**Assignment:**
Up to and including the line that holds "在11月16日至11月18日", copy every line of the records below exactly, starting at the first; leave pictures out.

------ Input data

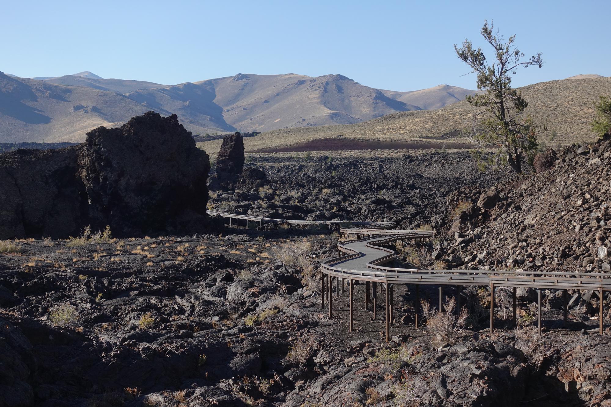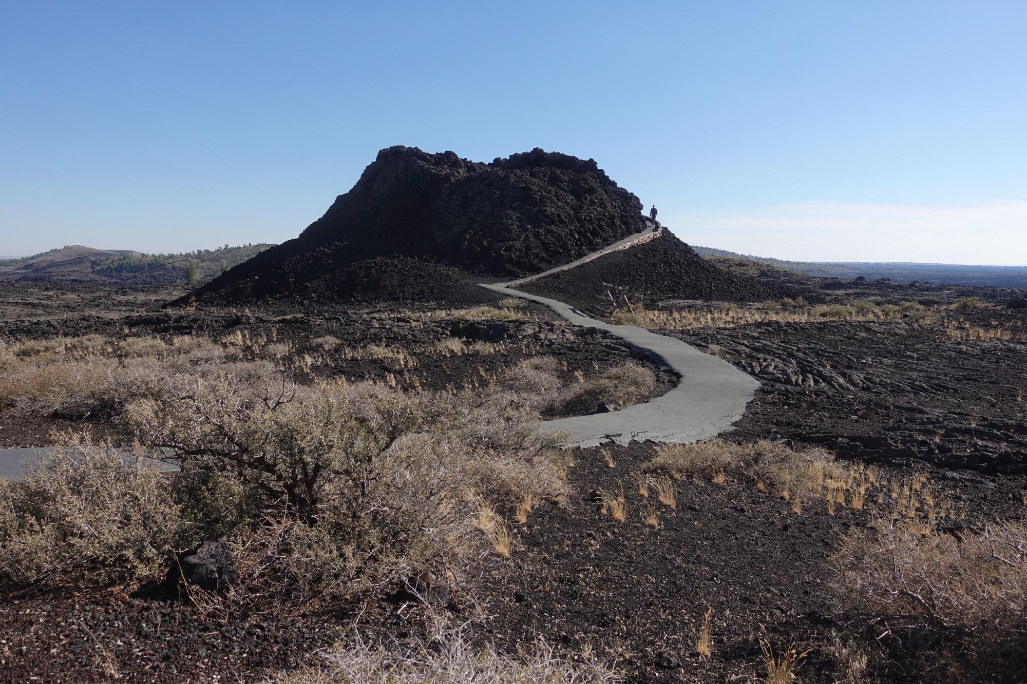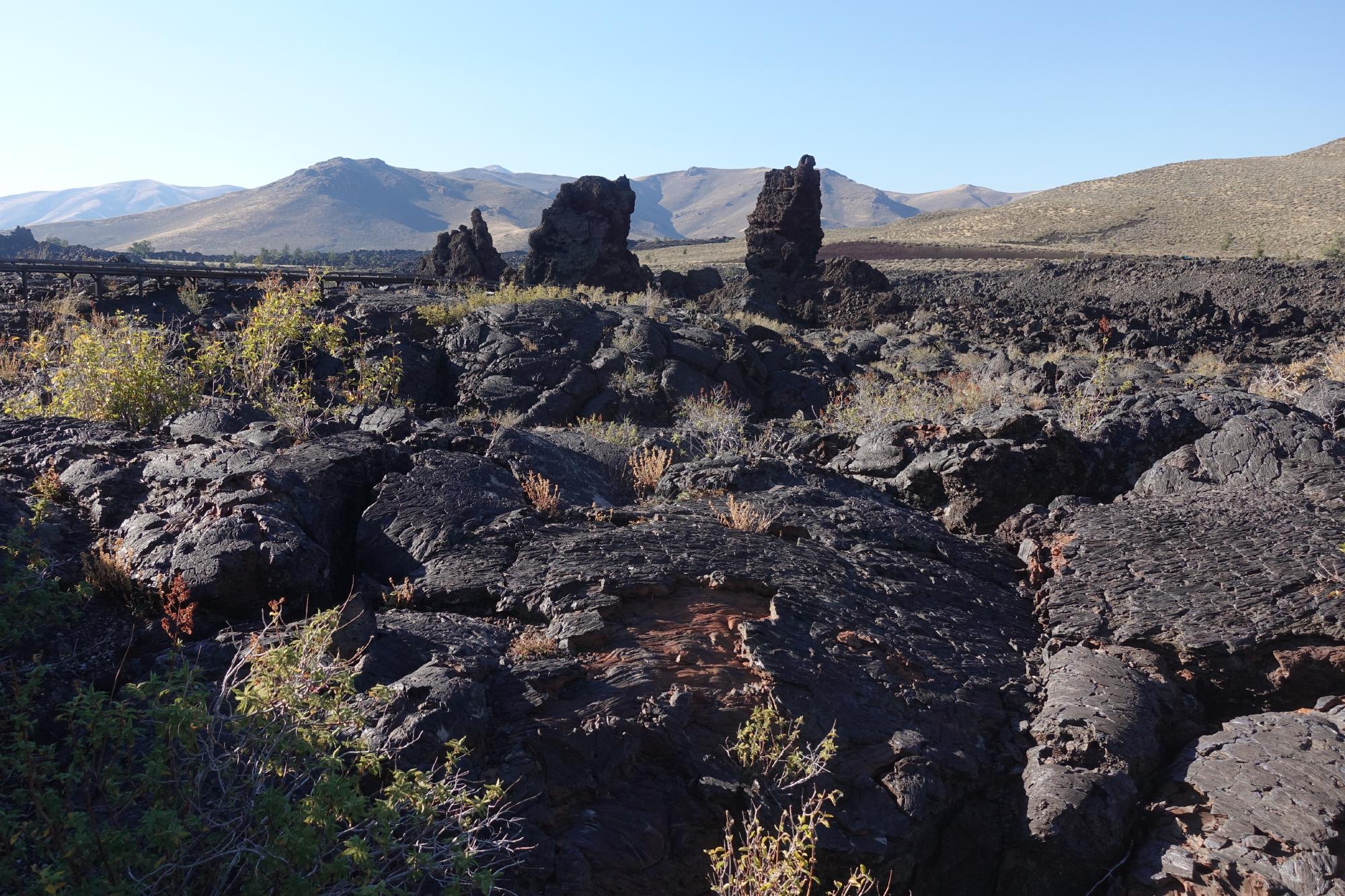 Twin Falls war für eine Weile der südlichste Punkt auf unserer Route, nun fahren wir in den Nordosten. Am Craters of the Moon Nationalpark machen wir einen Zwischenhalt, spazieren ein paar der Loops ab, essen etwas zum Zmittag und staunen über diese bizarre Landschaft. Die Steine sind ganz bröcklig und sie würden kaputt gehen, wenn da einfach jeder querfeldein durchläuft, darum hat es überall Wege und Strassen, die man ja nicht verlassen soll :)
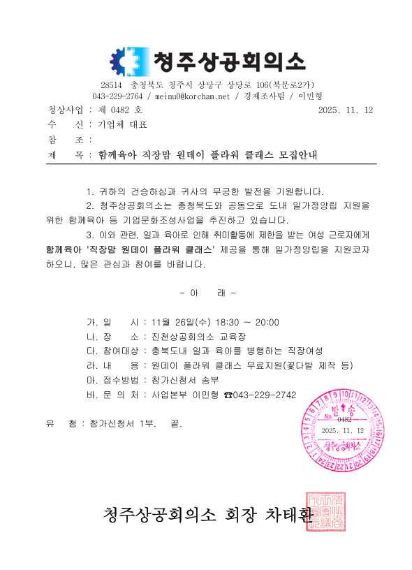 대표전화 : Tel : 043-229-2700 문의 : cheongju@korcham.net
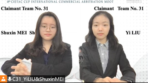 在11月16日至11月18日为期三天循环赛中,我校代表队主力辩手梅淑昕、刘奕在全英文“贸仲杯”模拟仲裁庭辩论赛中表现出色,沉着冷静地应对仲裁员的提问,展现了我校色情网站
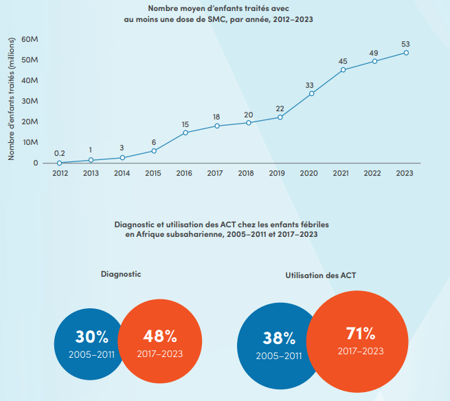 Dans 26 pays d'Afrique subsaharienne, le pourcentage d'enfants avec de la fièvre présentés à un prestataire de santé et pour qui un diagnostic a été établi est passé d'une médiane de 30 % dans les études de référence (de 2005 à 2011) à 48 % dans les enquêtes les plus récentes (de 2017 à 2023). Sur tous les enfants présentés à un prestataire de santé et ayant reçu un médicament antipaludique, une médiane de 71 % a été traitée par ACT de 2017 à 2023, contre 38 % entre 2005 et 2011.
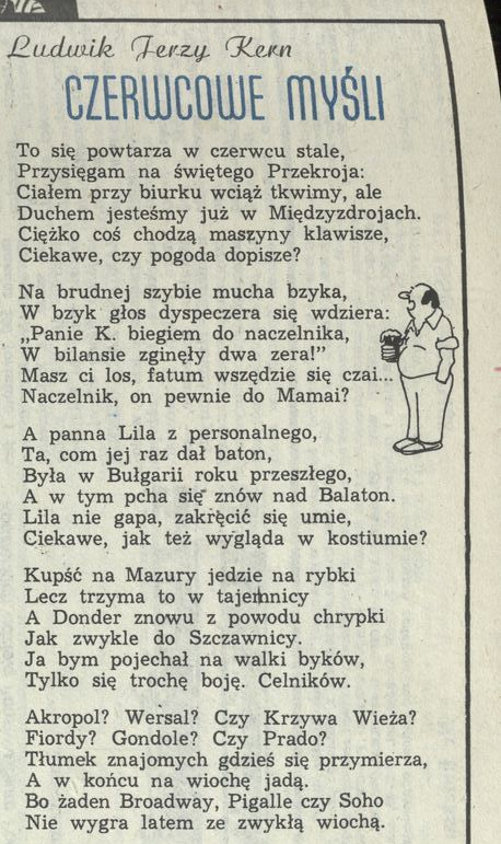 Archiwum / Myśli nr 2298 (26/1989) 94639/123969 Podziel się Tytuł Czerwcowe myśli Autor Ludwik Jerzy Kern Rubryka Myśli Artykuł z numeru 2298 (26/1989) Data wydania 25 czerwca 1989 Tagi wiersz czerwiec lato

------------

**Answer to the problem:**
 Twin Falls war für eine Weile der südlichste Punkt auf unserer Route, nun fahren wir in den Nordosten. Am Craters of the Moon Nationalpark machen wir einen Zwischenhalt, spazieren ein paar der Loops ab, essen etwas zum Zmittag und staunen über diese bizarre Landschaft. Die Steine sind ganz bröcklig und sie würden kaputt gehen, wenn da einfach jeder querfeldein durchläuft, darum hat es überall Wege und Strassen, die man ja nicht verlassen soll :)
 대표전화 : Tel : 043-229-2700 문의 : cheongju@korcham.net
 在11月16日至11月18日为期三天循环赛中,我校代表队主力辩手梅淑昕、刘奕在全英文“贸仲杯”模拟仲裁庭辩论赛中表现出色,沉着冷静地应对仲裁员的提问,展现了我校色情网站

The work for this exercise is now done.